Only one stretch of the data below is needed. Output the lines from the one with "Rhinestone Necklace Earphones:Rhinestone" up to and including the one with "The Sea Ray", exactly as they stand.

▶ Records shown
----

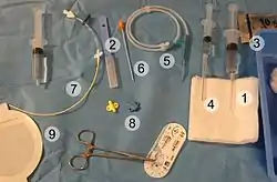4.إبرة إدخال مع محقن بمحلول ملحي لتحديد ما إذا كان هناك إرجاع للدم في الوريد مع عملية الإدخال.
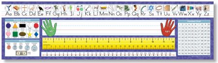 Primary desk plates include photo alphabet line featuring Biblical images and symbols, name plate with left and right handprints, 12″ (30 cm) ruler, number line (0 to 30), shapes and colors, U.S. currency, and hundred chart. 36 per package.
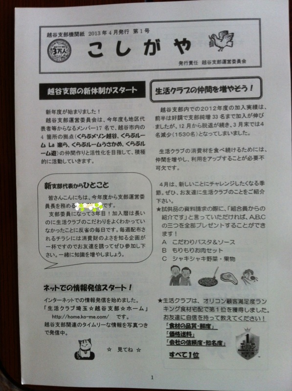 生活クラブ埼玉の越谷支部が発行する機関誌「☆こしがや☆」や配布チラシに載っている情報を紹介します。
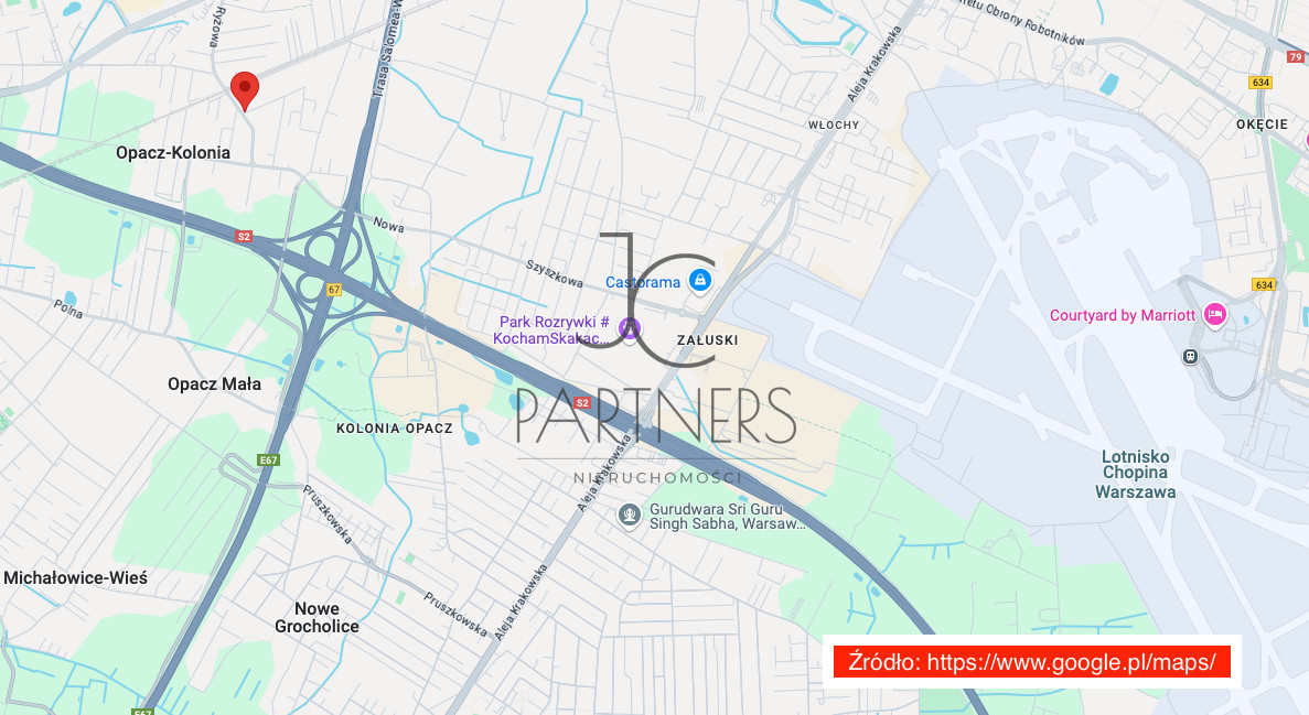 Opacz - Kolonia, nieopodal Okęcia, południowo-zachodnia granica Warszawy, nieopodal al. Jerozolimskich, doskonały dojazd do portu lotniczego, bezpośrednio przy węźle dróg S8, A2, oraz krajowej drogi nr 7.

----

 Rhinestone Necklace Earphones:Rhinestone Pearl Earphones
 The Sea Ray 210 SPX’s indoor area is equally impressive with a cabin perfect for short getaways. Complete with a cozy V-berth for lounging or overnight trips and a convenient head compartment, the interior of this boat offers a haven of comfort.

----

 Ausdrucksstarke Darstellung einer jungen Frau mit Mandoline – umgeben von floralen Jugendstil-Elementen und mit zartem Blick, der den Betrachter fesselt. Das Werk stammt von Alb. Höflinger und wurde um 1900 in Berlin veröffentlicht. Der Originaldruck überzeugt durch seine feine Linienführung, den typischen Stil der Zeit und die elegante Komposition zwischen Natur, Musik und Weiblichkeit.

----

▶ Answer
 Rhinestone Necklace Earphones:Rhinestone Pearl Earphones
 The Sea Ray 210 SPX’s indoor area is equally impressive with a cabin perfect for short getaways. Complete with a cozy V-berth for lounging or overnight trips and a convenient head compartment, the interior of this boat offers a haven of comfort.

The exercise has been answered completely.